• _Given information_:
==========

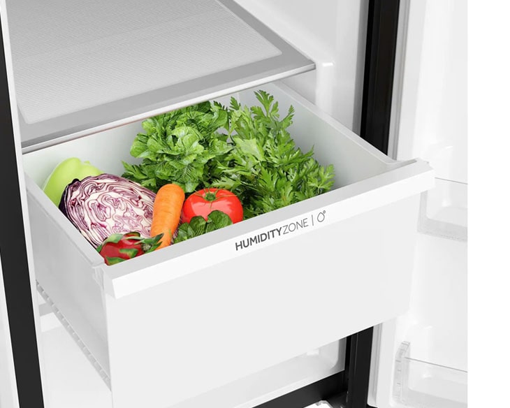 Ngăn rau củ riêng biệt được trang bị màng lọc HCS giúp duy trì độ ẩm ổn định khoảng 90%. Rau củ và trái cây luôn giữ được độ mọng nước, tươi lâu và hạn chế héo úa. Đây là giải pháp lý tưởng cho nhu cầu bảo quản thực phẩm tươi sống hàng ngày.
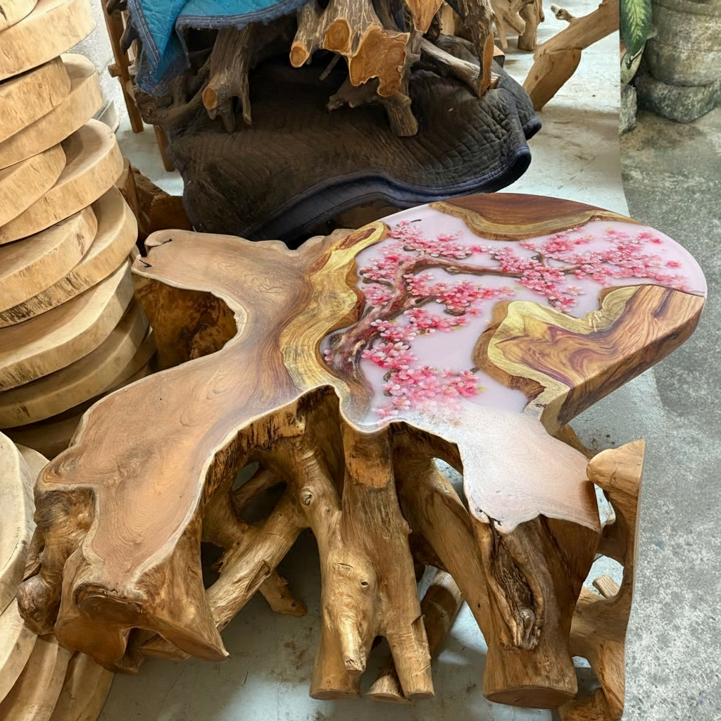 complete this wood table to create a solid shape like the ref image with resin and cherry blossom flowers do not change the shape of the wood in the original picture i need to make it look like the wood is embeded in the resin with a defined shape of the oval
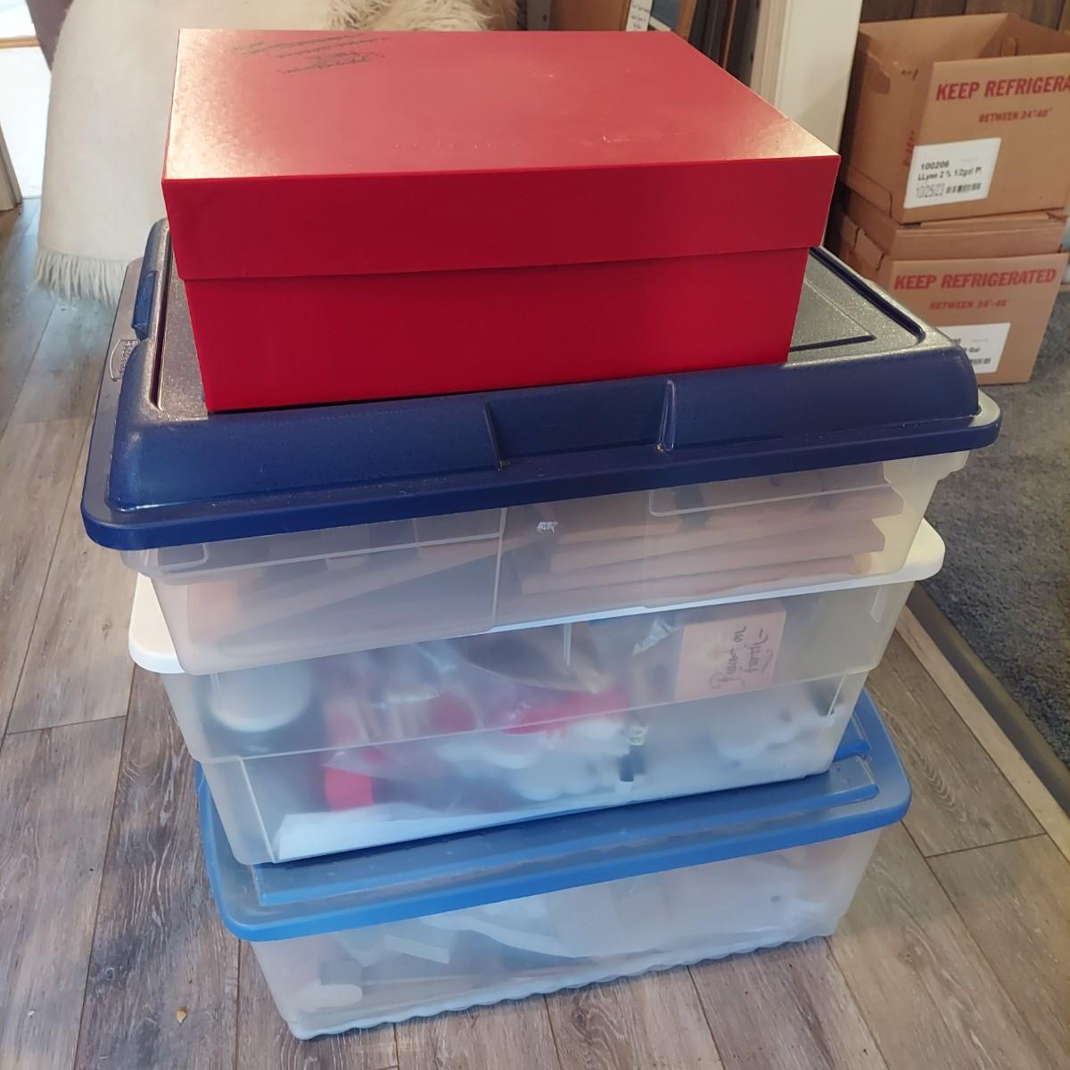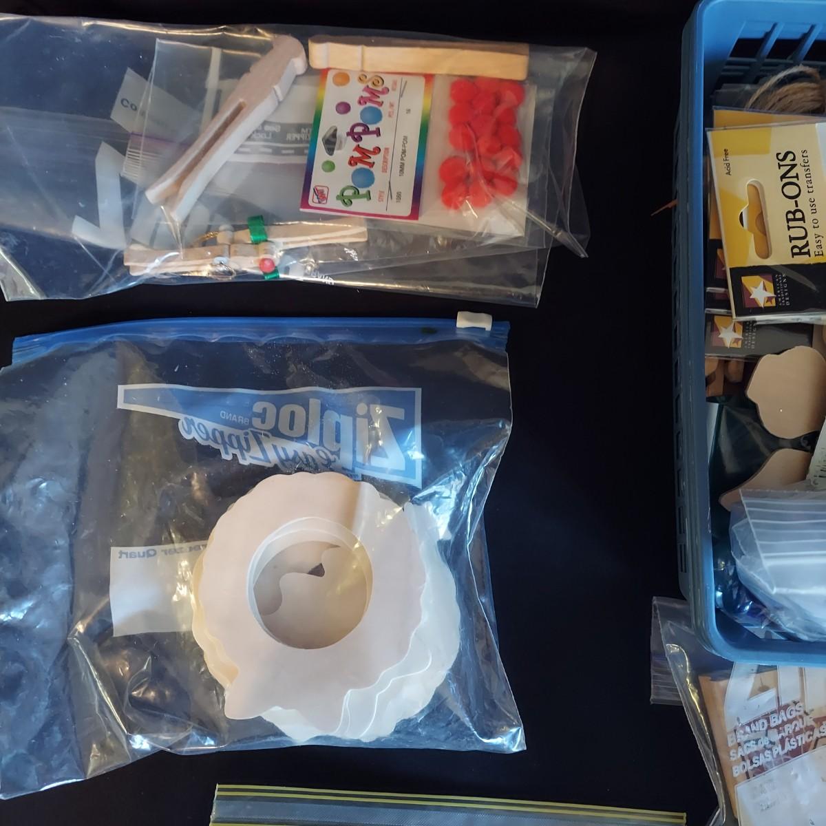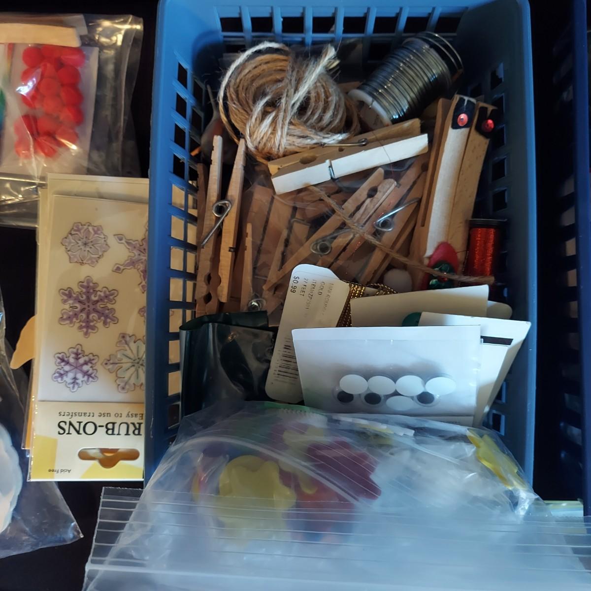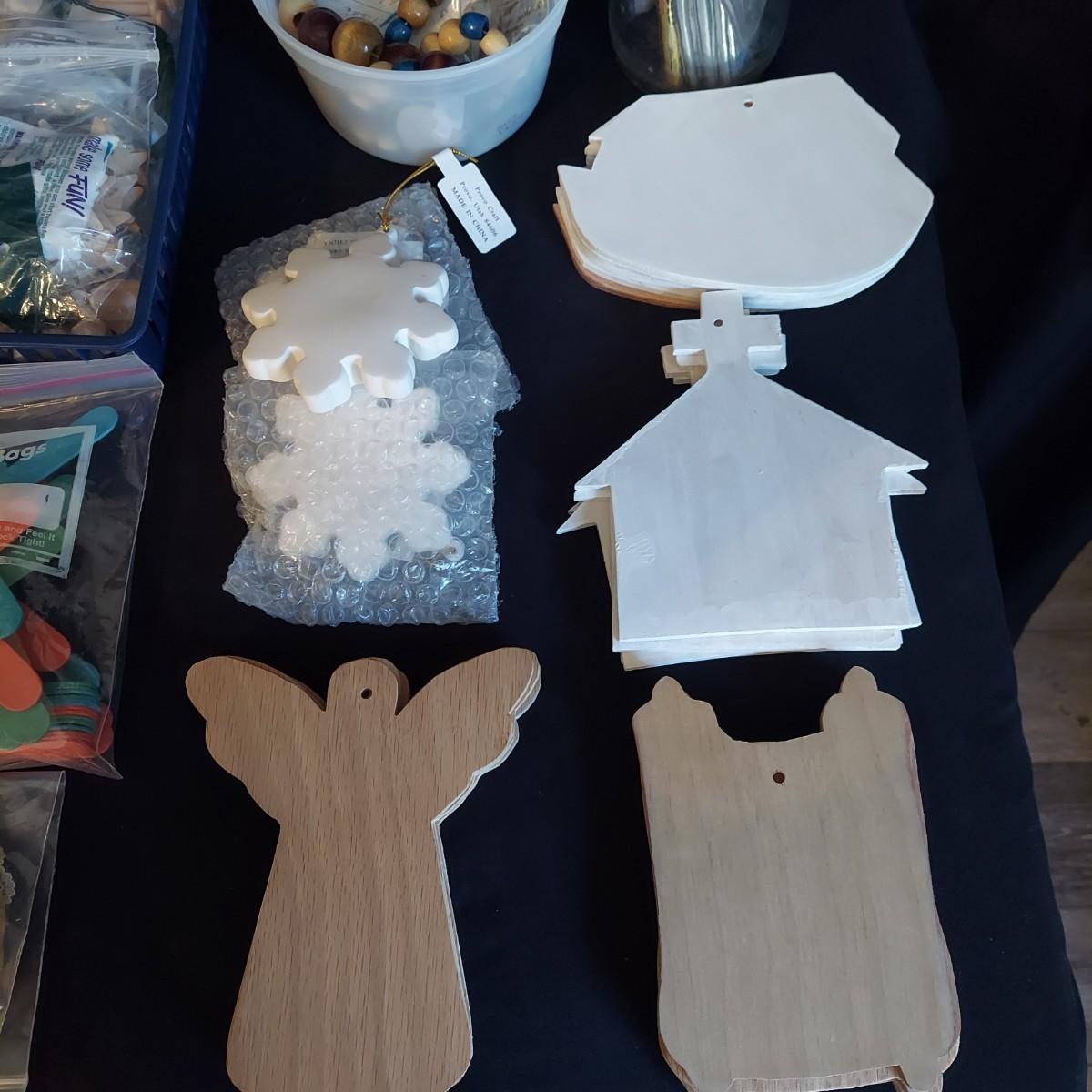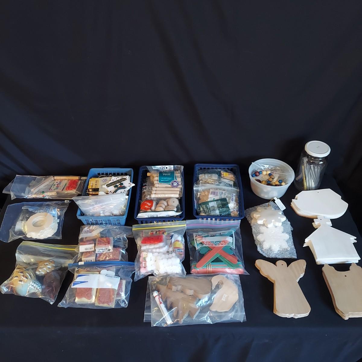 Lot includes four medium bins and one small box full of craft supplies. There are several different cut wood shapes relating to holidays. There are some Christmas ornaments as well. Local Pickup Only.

==========

• _Problem to solve_:
Output the material above word for word. Leave out its images.

• _Solution_:
 Ngăn rau củ riêng biệt được trang bị màng lọc HCS giúp duy trì độ ẩm ổn định khoảng 90%. Rau củ và trái cây luôn giữ được độ mọng nước, tươi lâu và hạn chế héo úa. Đây là giải pháp lý tưởng cho nhu cầu bảo quản thực phẩm tươi sống hàng ngày.
 complete this wood table to create a solid shape like the ref image with resin and cherry blossom flowers do not change the shape of the wood in the original picture i need to make it look like the wood is embeded in the resin with a defined shape of the oval
 Lot includes four medium bins and one small box full of craft supplies. There are several different cut wood shapes relating to holidays. There are some Christmas ornaments as well. Local Pickup Only.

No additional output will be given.